A los 9 años en 1951 en Buenos Aires, mis padres me mandaron en
un verano a una estancia en La Pampa. Allí ya andaba a caballo y me gustaba ir
a esa llanura tan argentina para corretear a las avestruces. De vez en cuando
un ombú aparecía y rompía la monotonía (¿qué iba yo a saber?).
La segunda vez ocurrió en el buque ELMA Ría Aguapey en
el cual yo era el único pasajero en camino a la casa de mi mamá en Veracruz,
México. Había cumplido mis dos años en la conscripción obligatoria en la Marina
de Guerra Argentina.
Al estar en alta mar, pude ver ese horizonte del cual
Borges escribió unas poesías y ensayos.
Aquí en mi Vancouver las montañas esconden el
horizonte y sólo en las provincias centrales puede uno ver ese horizonte
mágico. En un viaje al norte de la Provincia de Saskatchewan para enseñar no vi
ese horizonte por las abundantes poblaciones.
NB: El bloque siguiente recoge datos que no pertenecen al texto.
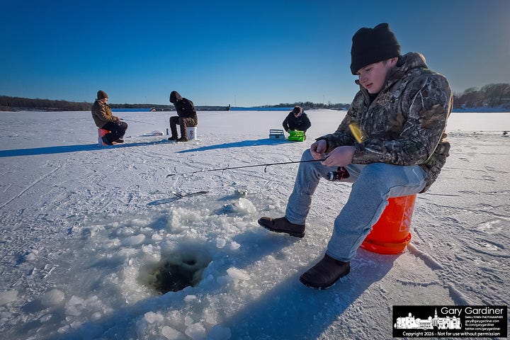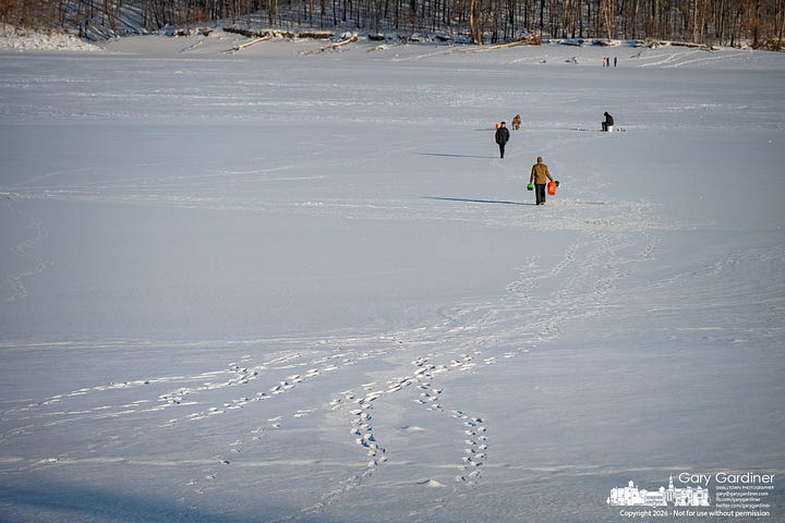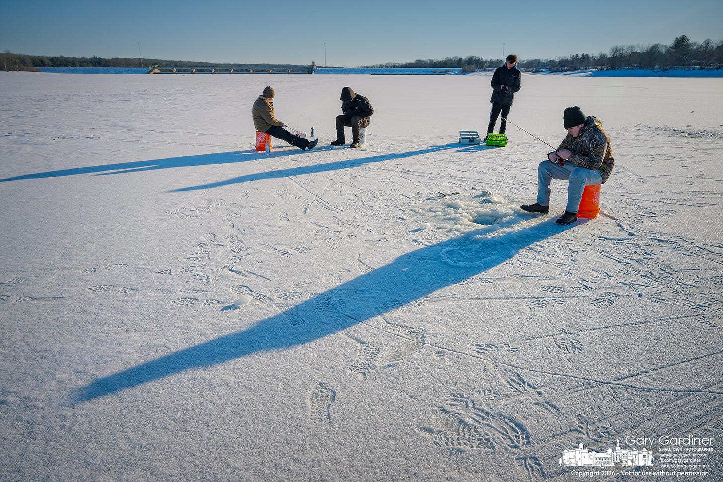 Anglers took advantage of the long, below-zero, and single-digit temperatures freezing the waters of Hoover Reservoir to try their luck at winter fishing. After testing the water near the shore for thickness and finding it was about a foot thick, the group ventured toward the center of the lake, where the ice was nine inches thick, hoping it might be a better spot than the shallower shoreline. While being photographed, no fish were caught.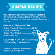 Salmon, Pollock, Vegetable Glycerin, Salt, Vinegar, Natural Smoke Flavor, Mixed Tocopherols (a preservative), Rosemary Extract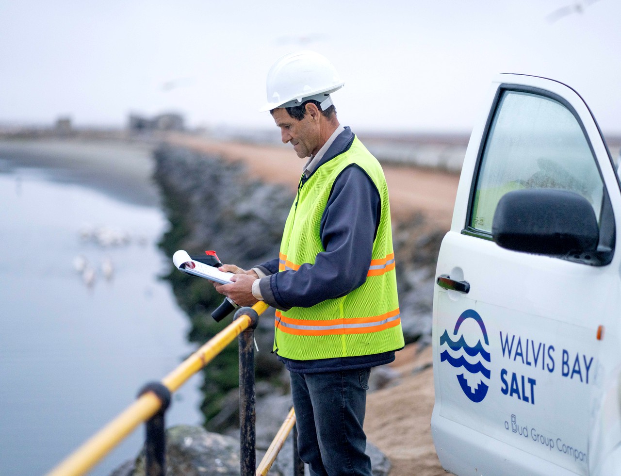 Walvis Bay Salt Holdings is attempting to stay ahead of the regulatory agencies and determines priorities and acts on opportunities for environmental improvement. Currently the company is investigating renewable energy options as well as more efficient transport options for export salt through the Namport harbour.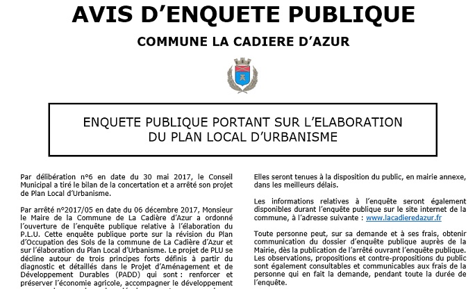 ARRETE MAIRE OUVERTURE ENQUETE PUBLIQUE PLU Avis d’enquête publique – Elaboration du PLU Sommaire du dossier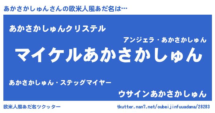 | 男性向けラノベタイトル風あだ名 | 『アカサカシュンアートオンライン』 |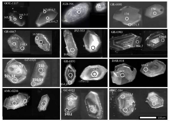Se realizaron 20 nuevas dataciones U-Pb LA-ICP-MS en circones del batolito de Ibagué y se recopilaron las edades U-Pb de la Metatonalita de Anzoátegui y la Tonalita de Ibagué (Tabla 1). Las imágenes de catodoluminiscencia de algunos circones datados se muestran en la Figura 8. Los circones son prismáticos cortos y en algunas rocas se presentan prismáticos alargados en forma de tallos, de tamaños entre 50 y 160 μm, tienen estructura concéntrica, con núcleo homogéneo de color gris y bordes zonados; en algunas rocas los circones tienen zonación oscilatoria bien desarrollada, con luminiscencia en diferentes tonos de gris. Las ablaciones se hicieron principalmente en los núcleos de los cristales y en algunos cristales en núcleo y borde. Son escasos los circones con núcleos heredados de circones más antiguos y bordes cristalizados correspondientes al evento ígneo jurásico.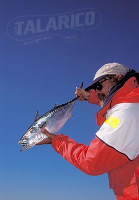 Captain Lee Parsons releasing a false Albacore, Harkers Island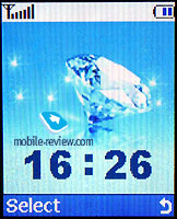 Sound settings. Here you can choose a ringing tone (totally, 44 polyphonic melodies and animals voices). The phone supports 40-tones polyphony and a ring is very loud. There are several types of incoming alert: just sound, just vibrating alert and a mixed mode (firstly, vibrating alert and then a sound). One of 10 pre-installed tones can be chosen for SMS messages. You can also switch a minute minder, which works in a talking mode and set a tone that is played while connecting with the other side (subscriber). Phone settings. All settings are ordinary. However, you can adjust contrast of both screens (external and internal). And you can choose one of the animated pictures here. After it you will feel all capabilities of the screen. ![]()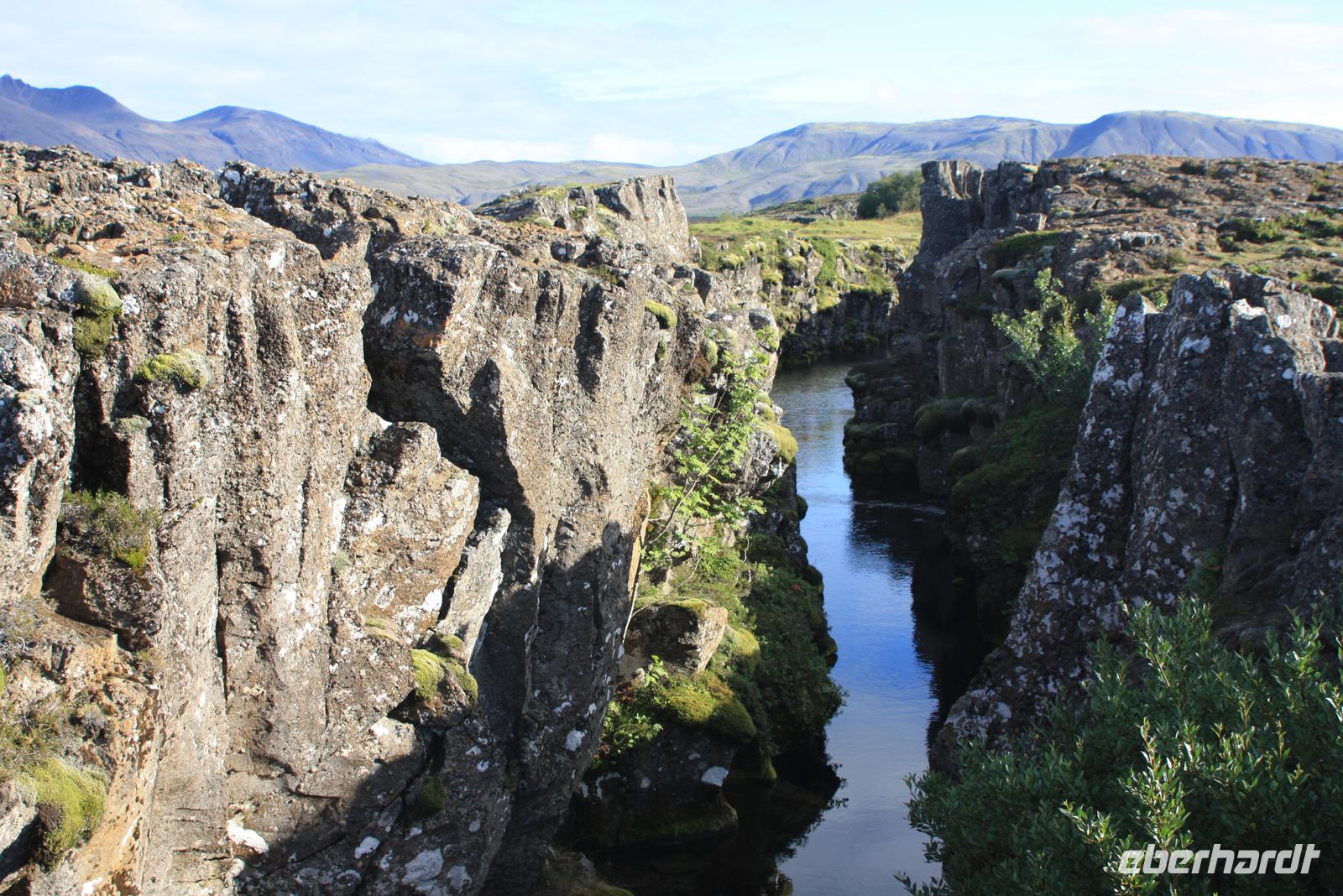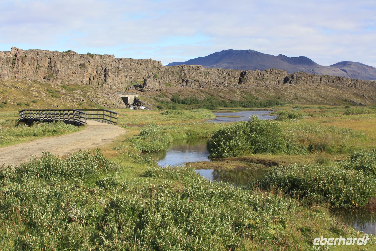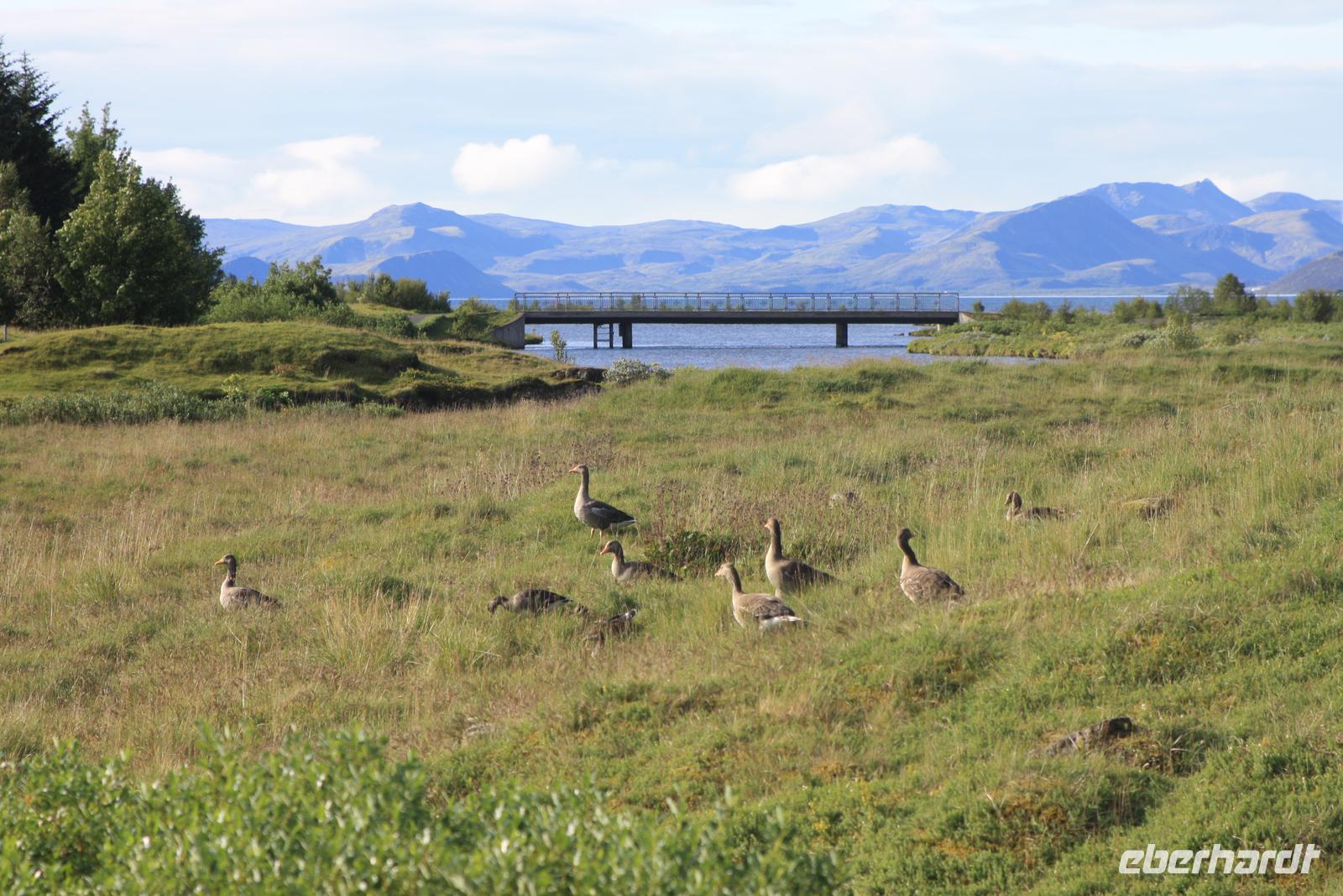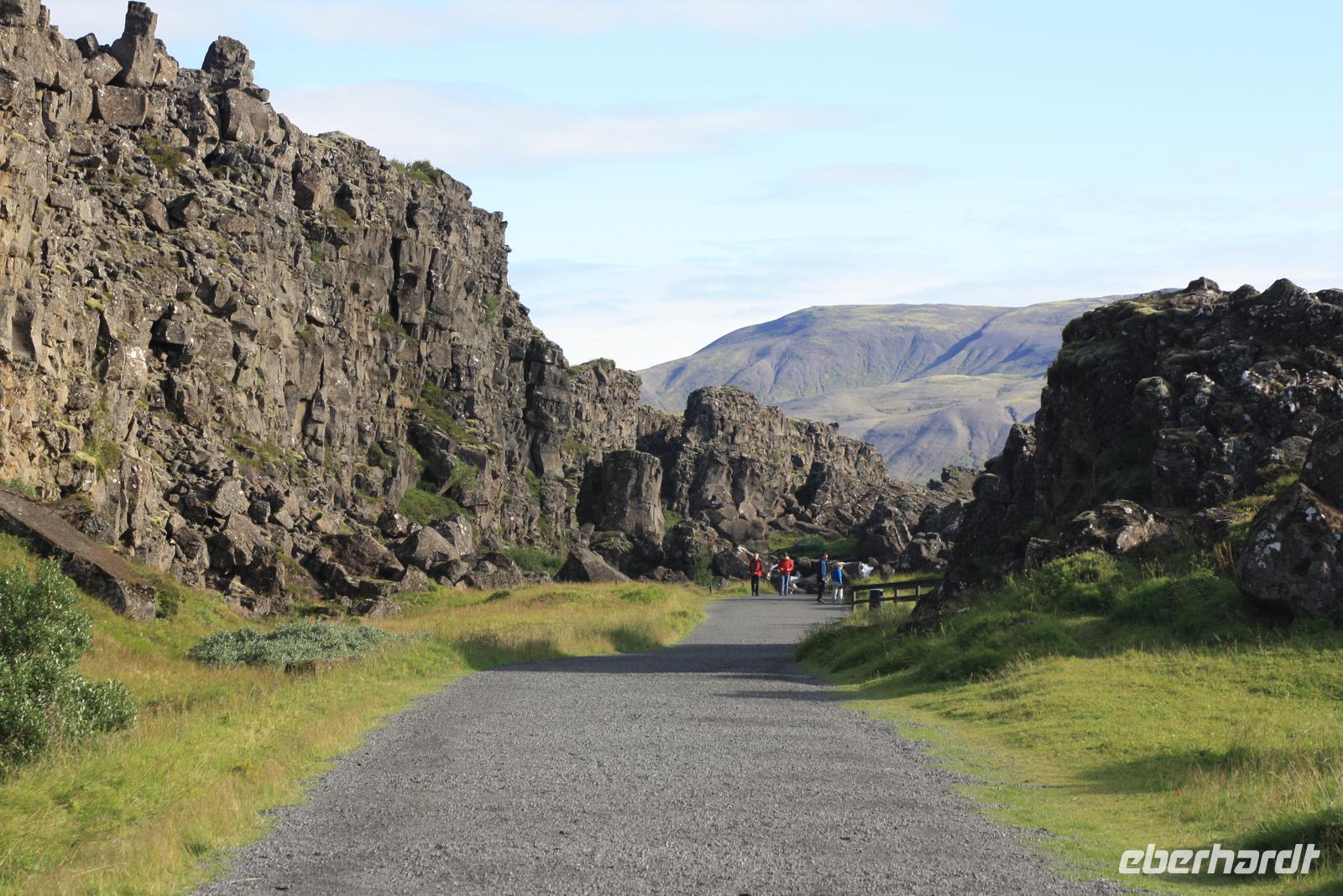 Unser Ganztagesausflug führte uns zum so genannten „Goldenen Kreis" - eine Rundfahrt zu drei der bekanntesten Sehenswürdigkeiten in Süd-Island. Der Nationalpark Thingvellir ist ein Meilenstein in der Geschichte Islands, denn hier liegt die alte Thing-Stätte der frühen Wikinger-Siedler. Thing bedeutet Volksversammlung und es handelt sich damit um eines der ältesten Parlamente der Welt, die hier im Schutz des tektonischen Grabens abgehalten wurden. Das Auseinanderdriften der amerikanischen und eurasischen Platte wird im Nationalpark durch viele Spalten sichtbar. Bei einer kleinen Wanderung entdeckten wir das Flüsschen Öxara, die felsige Steilwand der Plattengrenze und den Wasserfall Öxararfoss.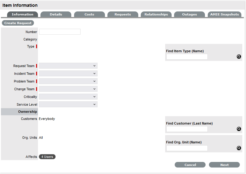 If Billing is enabled an owner must be assigned to the Item. The owner can be either a Customer or an Org Unit, but only Org Units that have a Primary Contact, will be displayed in the Org Unit Search list. (See: Primary Contact.)

Al ir a esa estancia me acuerdo que en el colectivo
que nos llevaba tocaban tangos antiguos. Vi una vacas con las bocas coloradas
como si sangraban. Mi mamá me dijo después que los estancieros habían tenido
una muy buena cosecha de frutillas y querían que subiera el precio si había escasez.
Ahora con mis 83 años me doy cuenta, con algo de
tristeza que no tengo ninguna foto pare ilustrar esta bitácora.
En mi acoso de las avestruces
me topaba con esos lindos teros. De vez en cuando cruzaba alguna estancia y en
los postes podía ver los nidos de barro de los horneros.
Tengo que advertir que sólo viví en la Argentina desde
el 1942 al 1952 y después casi tres años durante mi conscripción. ¡Como soy
algo tonto, hace unos 20 me di cuenta que para tener nostalgia hay que estar en
un lugar que no es el lugar de la nostalgia!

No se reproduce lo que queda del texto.